## ABOUT THIS TASK
Among the entries below, one stretch runs from the line that contains "手机经营游戏专业户kairo" through the line that contains "五臺山最高的黃教寺院,為清代". Repeat that stretch exactly, ends included, and only that.

## DATASET RECORDS
┌──

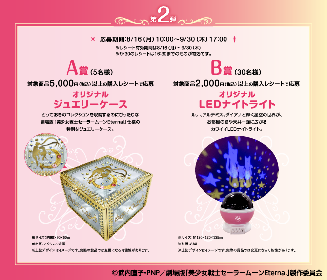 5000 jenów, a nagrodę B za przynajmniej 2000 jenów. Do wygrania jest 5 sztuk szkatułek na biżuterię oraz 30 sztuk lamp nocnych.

└──
┌──

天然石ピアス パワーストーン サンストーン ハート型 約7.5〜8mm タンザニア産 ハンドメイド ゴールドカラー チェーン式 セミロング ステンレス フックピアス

└──
┌──

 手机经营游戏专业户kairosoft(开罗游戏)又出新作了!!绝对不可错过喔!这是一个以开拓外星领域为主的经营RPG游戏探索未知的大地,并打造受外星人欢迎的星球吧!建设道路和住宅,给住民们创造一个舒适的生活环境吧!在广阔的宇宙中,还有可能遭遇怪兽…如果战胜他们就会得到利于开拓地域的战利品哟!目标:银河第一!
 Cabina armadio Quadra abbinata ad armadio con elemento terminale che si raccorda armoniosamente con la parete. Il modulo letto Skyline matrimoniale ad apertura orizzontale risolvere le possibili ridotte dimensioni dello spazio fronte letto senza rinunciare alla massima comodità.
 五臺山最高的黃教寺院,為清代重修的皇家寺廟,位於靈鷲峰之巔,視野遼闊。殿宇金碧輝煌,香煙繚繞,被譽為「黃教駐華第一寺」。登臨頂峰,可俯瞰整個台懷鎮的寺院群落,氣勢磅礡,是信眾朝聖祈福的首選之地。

└──

## REPLY TO THE EXERCISE
 手机经营游戏专业户kairosoft(开罗游戏)又出新作了!!绝对不可错过喔!这是一个以开拓外星领域为主的经营RPG游戏探索未知的大地,并打造受外星人欢迎的星球吧!建设道路和住宅,给住民们创造一个舒适的生活环境吧!在广阔的宇宙中,还有可能遭遇怪兽…如果战胜他们就会得到利于开拓地域的战利品哟!目标:银河第一!
 Cabina armadio Quadra abbinata ad armadio con elemento terminale che si raccorda armoniosamente con la parete. Il modulo letto Skyline matrimoniale ad apertura orizzontale risolvere le possibili ridotte dimensioni dello spazio fronte letto senza rinunciare alla massima comodità.
 五臺山最高的黃教寺院,為清代重修的皇家寺廟,位於靈鷲峰之巔,視野遼闊。殿宇金碧輝煌,香煙繚繞,被譽為「黃教駐華第一寺」。登臨頂峰,可俯瞰整個台懷鎮的寺院群落,氣勢磅礡,是信眾朝聖祈福的首選之地。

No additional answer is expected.